• Requirement
Reproduce the lines below exactly, from the one containing "flowing, wave-like structure" through the one containing "Le président français", both included. Leave out any pictures.

Data extracted from a collection:
+--

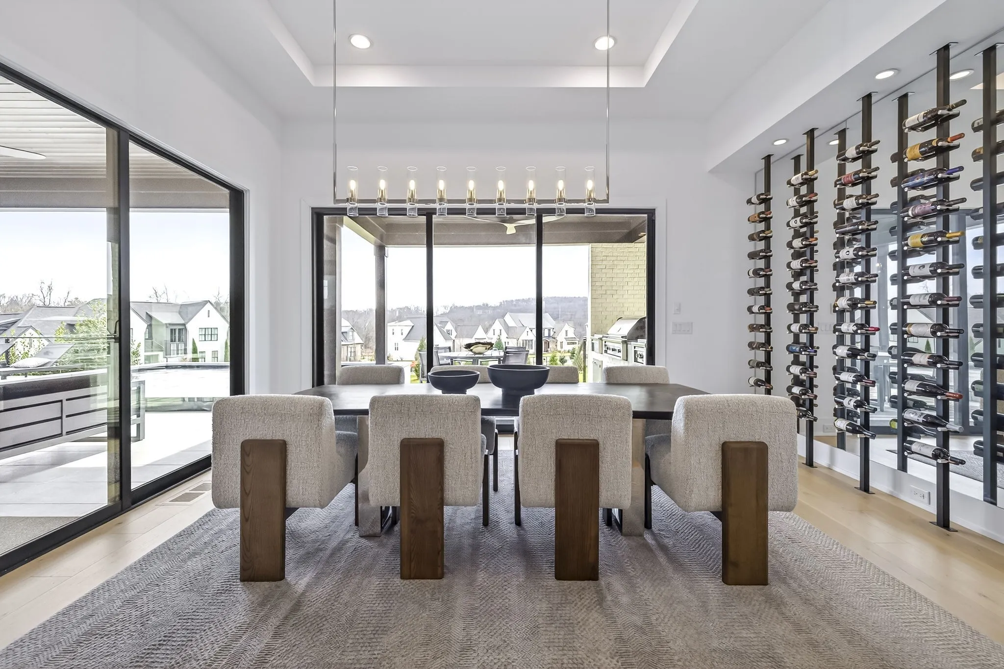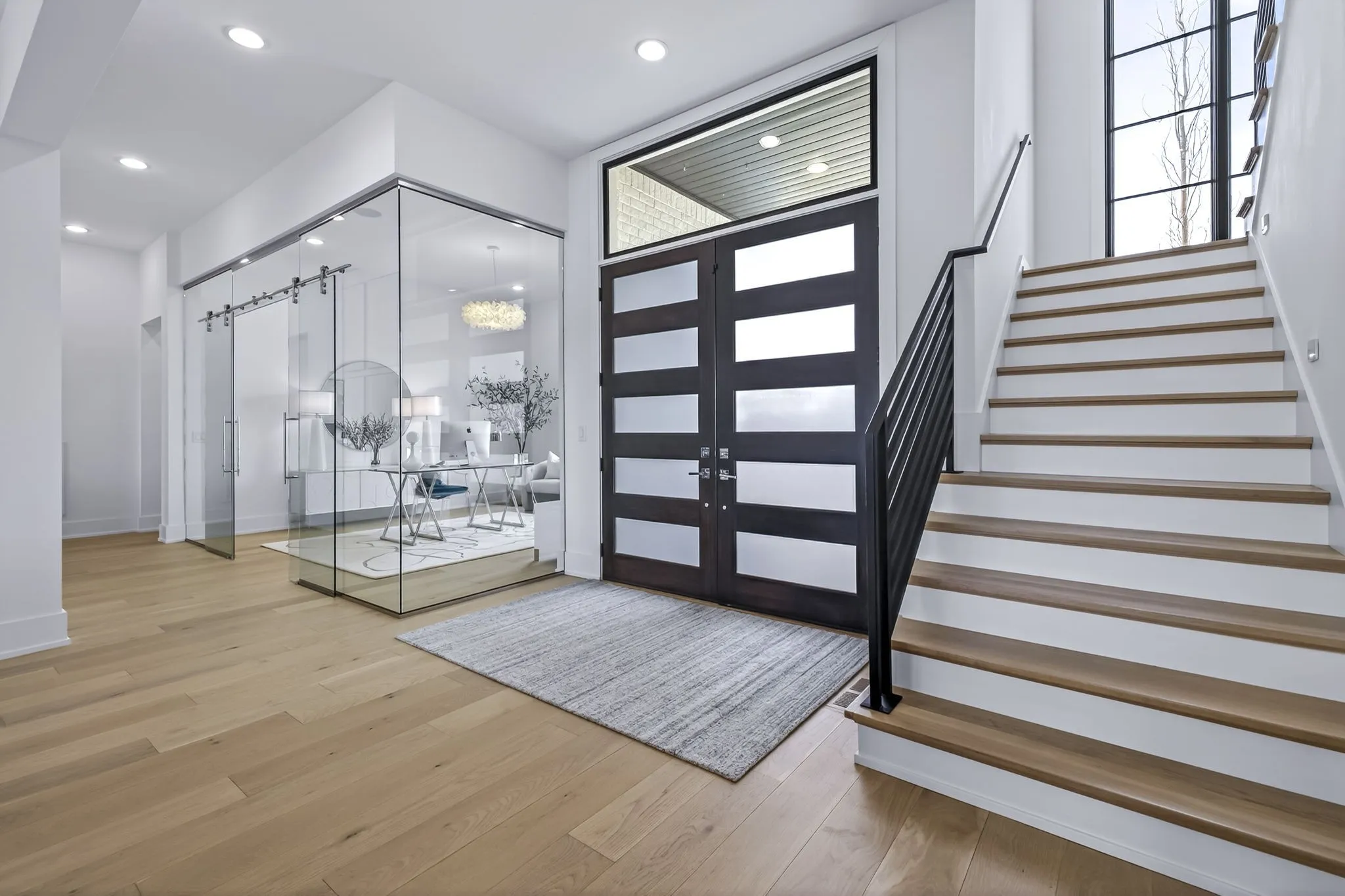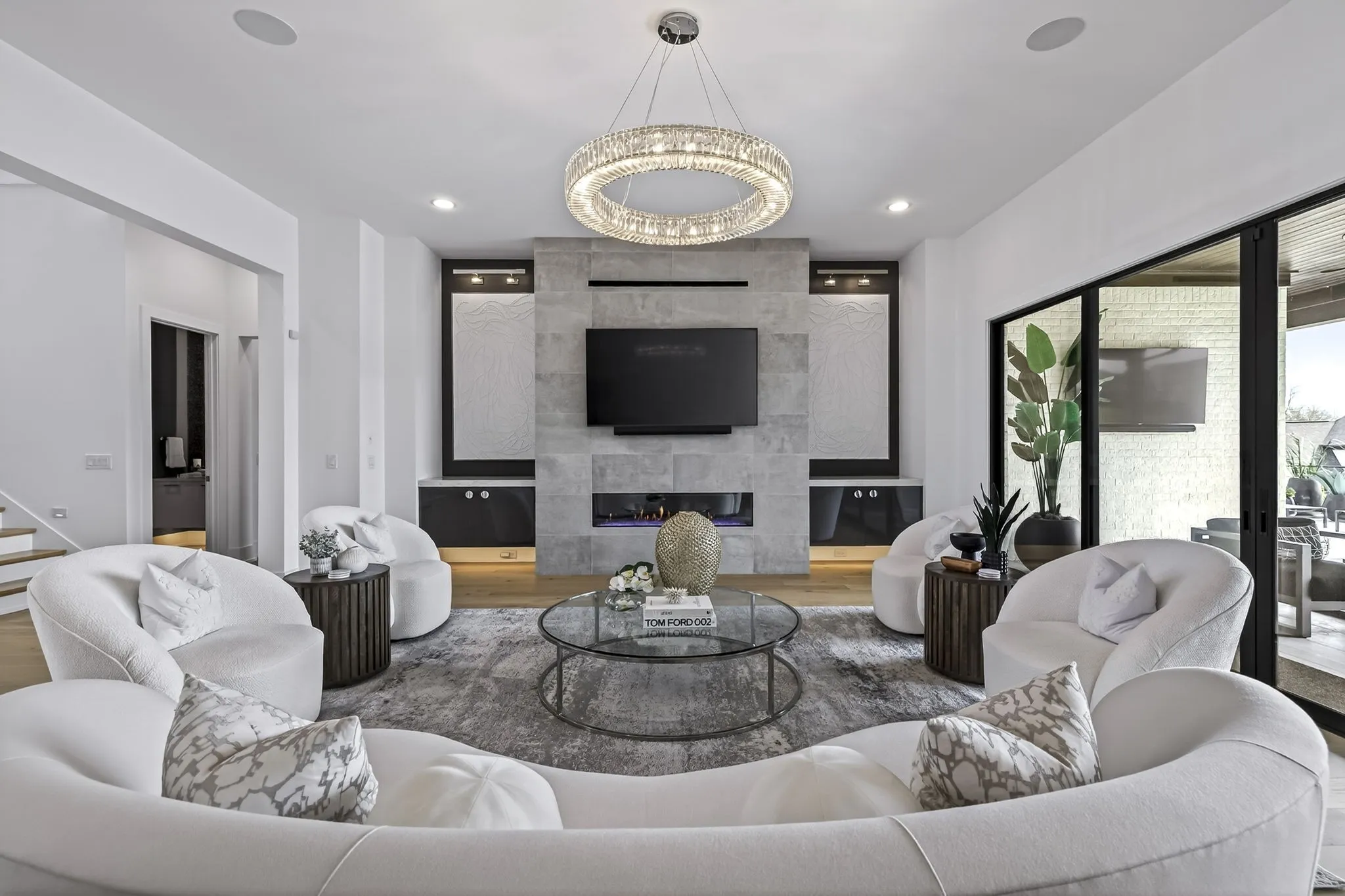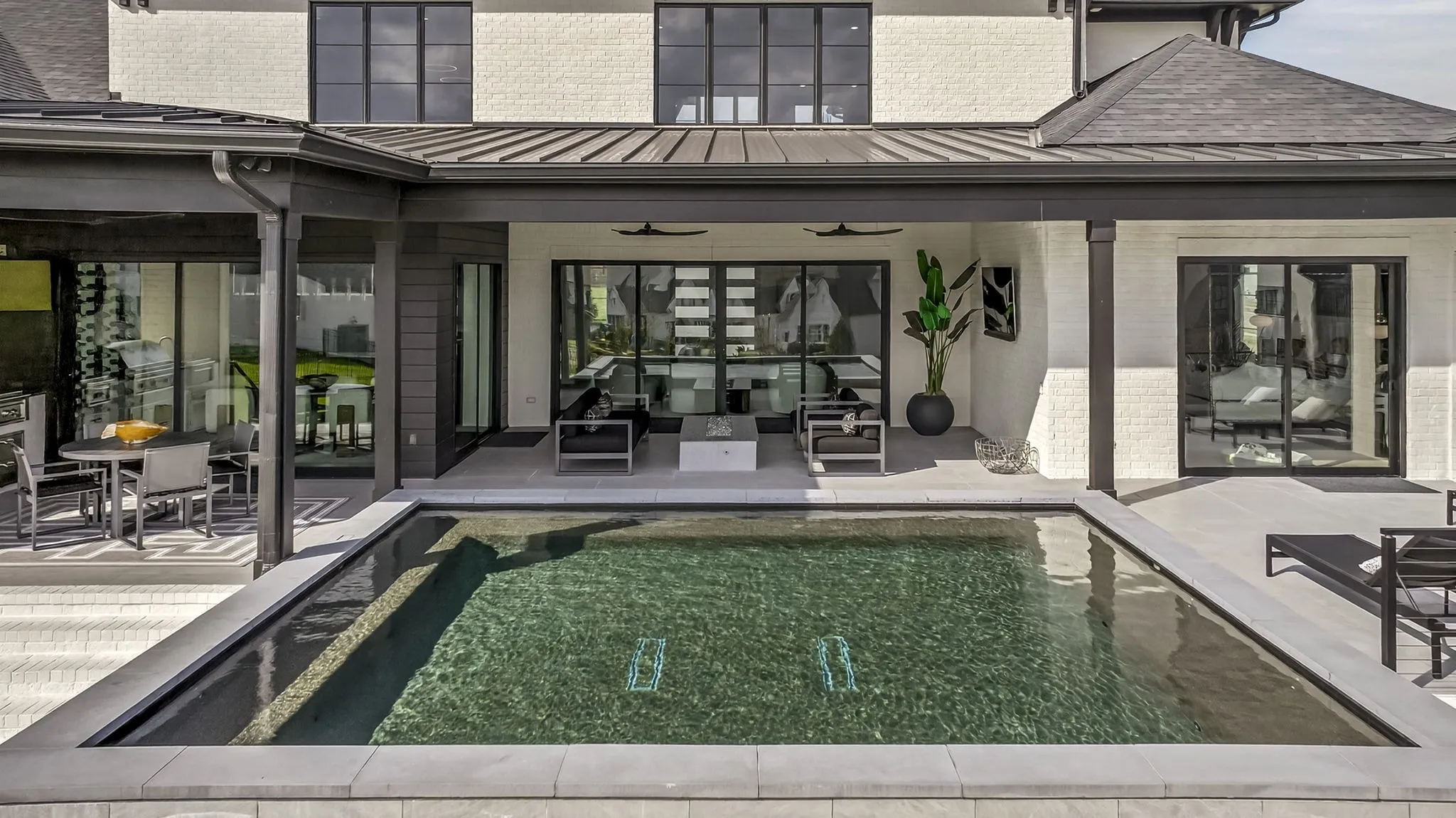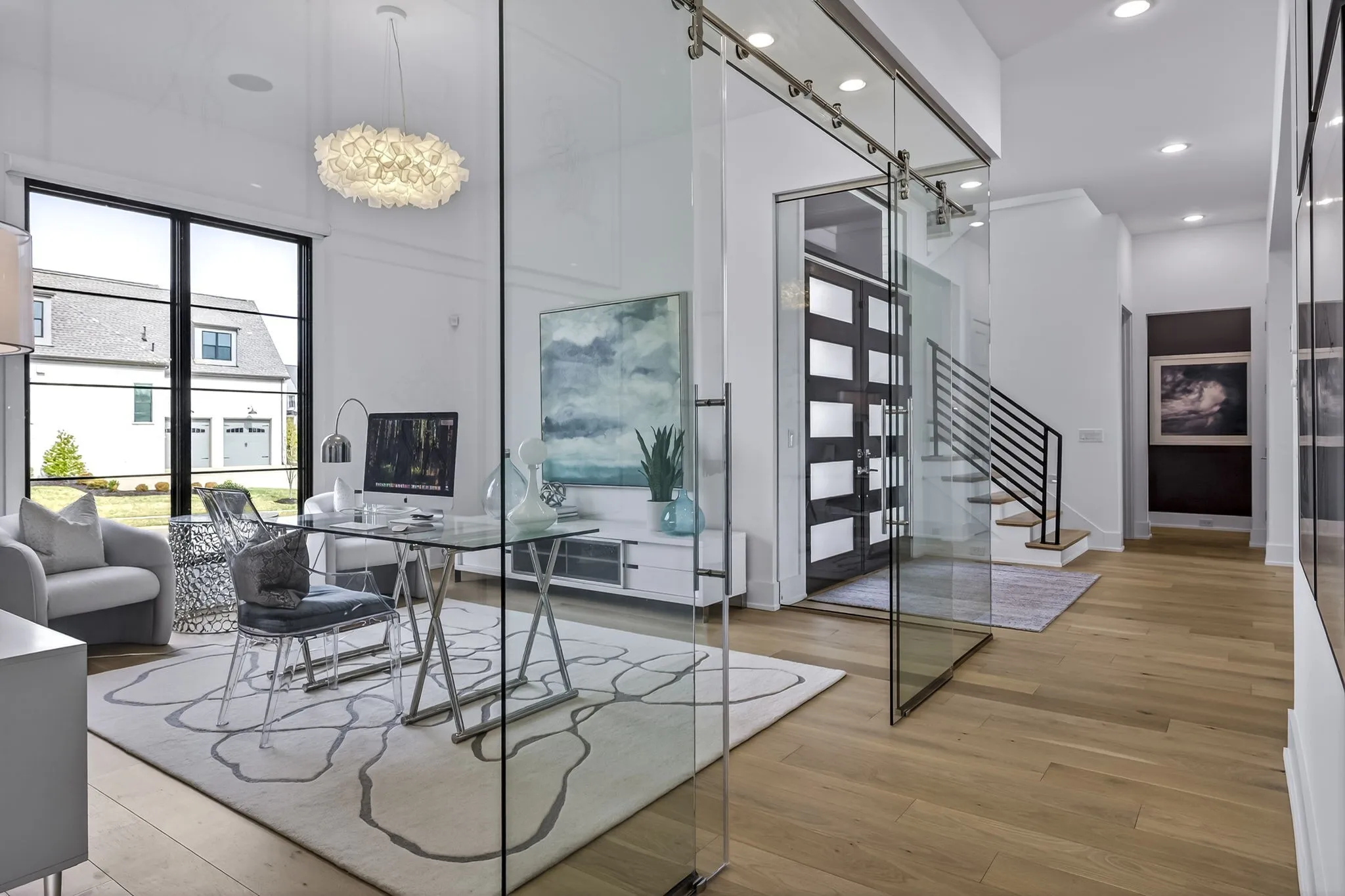 The light-filled, open-concept layout is framed by floor-to-ceiling windows & three walls of 8’ stacking nano doors for seamless indoor-outdoor living. The great room features a sleek linear fireplace w/floating cabinetry, while a glass-walled office creates a private work-from-home space.
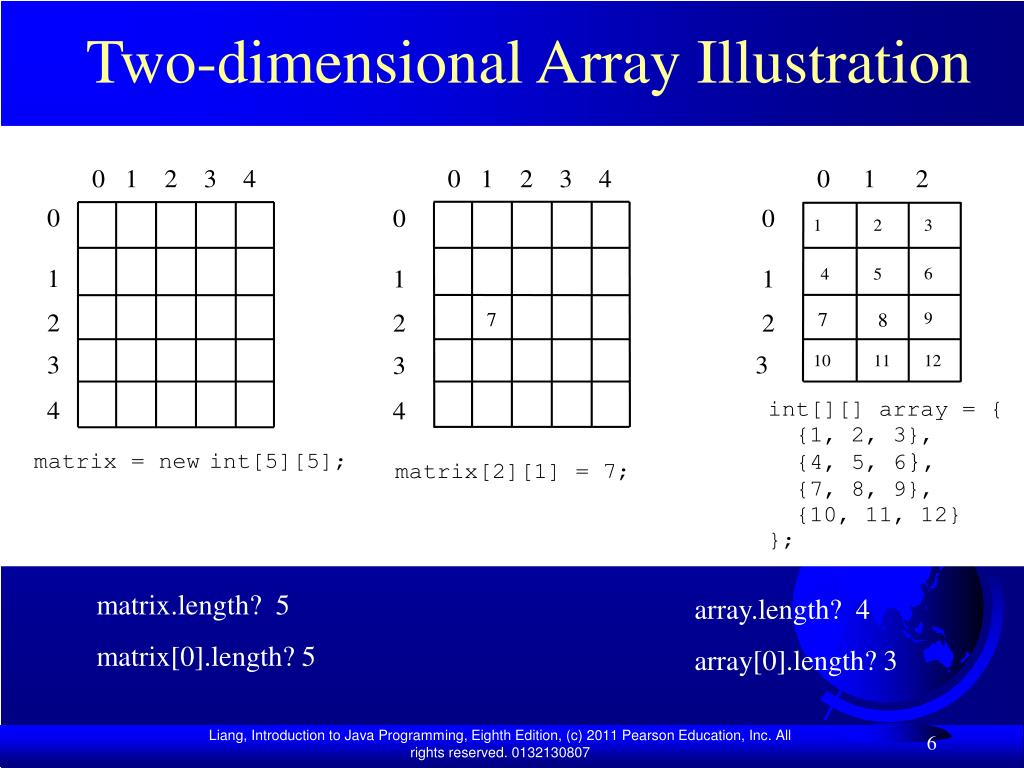 Objectives • To give examples of representing data using two-dimensional arrays (§7.1). • To declare variables for two-dimensional arrays, create arrays, and access array elements in a two-dimensional array using row and column indexes (§7.2). • To program common operations for two-dimensional arrays (displaying arrays, summing all elements, finding min and max elements, and random shuffling) (§7.3). • To pass two-dimensional arrays to methods (§7.4). • To write a program for grading multiple-choice questions using two-dimensional arrays (§7.5). • To solve the closest-pair problem using two-dimensional arrays (§7.6). • To check a Sudoku solution using two-dimensional arrays (§7.7). • To use multidimensional arrays (§7.8).
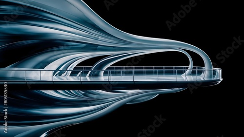 © lonelyArt, Obraz premium A balcony with a glass railing is suspended above a flowing, wave-like structure
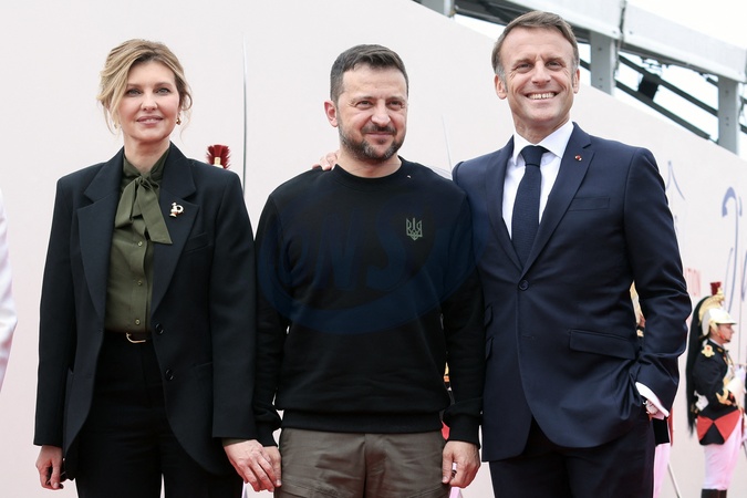 Le président français Emmanuel Macron et la première dame, Brigitte Macron accueillent le président de l'Ukraine, Volodymyr Zelensky et la Première Dame ukrainienne Olena Zelenska lors de la cérémonie internationale du 80ème anniversaire du débarquement à Omaha Beach, le 6 juin 2024. © Stéphane Lemouton / Bestimage President Emmanuel Macron and his wife Brigitte Macron welcome guests to the international ceremony at Omaha Beach as part of the commemoration of the 80th anniversary of the Normandy landings (D-Day) on june 6th 2024
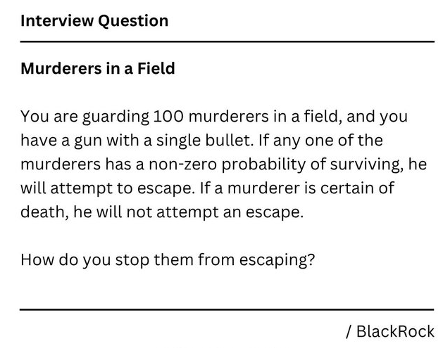 >>220809667It sounds like a very specifically worded question to lead you towards a very specific answer.Tell them that the first guy to try to escape gets shot. Nobody wants to be the one to die so none of them try to escape.Can I fund woke shit now?

+--

• Result below
 © lonelyArt, Obraz premium A balcony with a glass railing is suspended above a flowing, wave-like structure
 Le président français Emmanuel Macron et la première dame, Brigitte Macron accueillent le président de l'Ukraine, Volodymyr Zelensky et la Première Dame ukrainienne Olena Zelenska lors de la cérémonie internationale du 80ème anniversaire du débarquement à Omaha Beach, le 6 juin 2024. © Stéphane Lemouton / Bestimage President Emmanuel Macron and his wife Brigitte Macron welcome guests to the international ceremony at Omaha Beach as part of the commemoration of the 80th anniversary of the Normandy landings (D-Day) on june 6th 2024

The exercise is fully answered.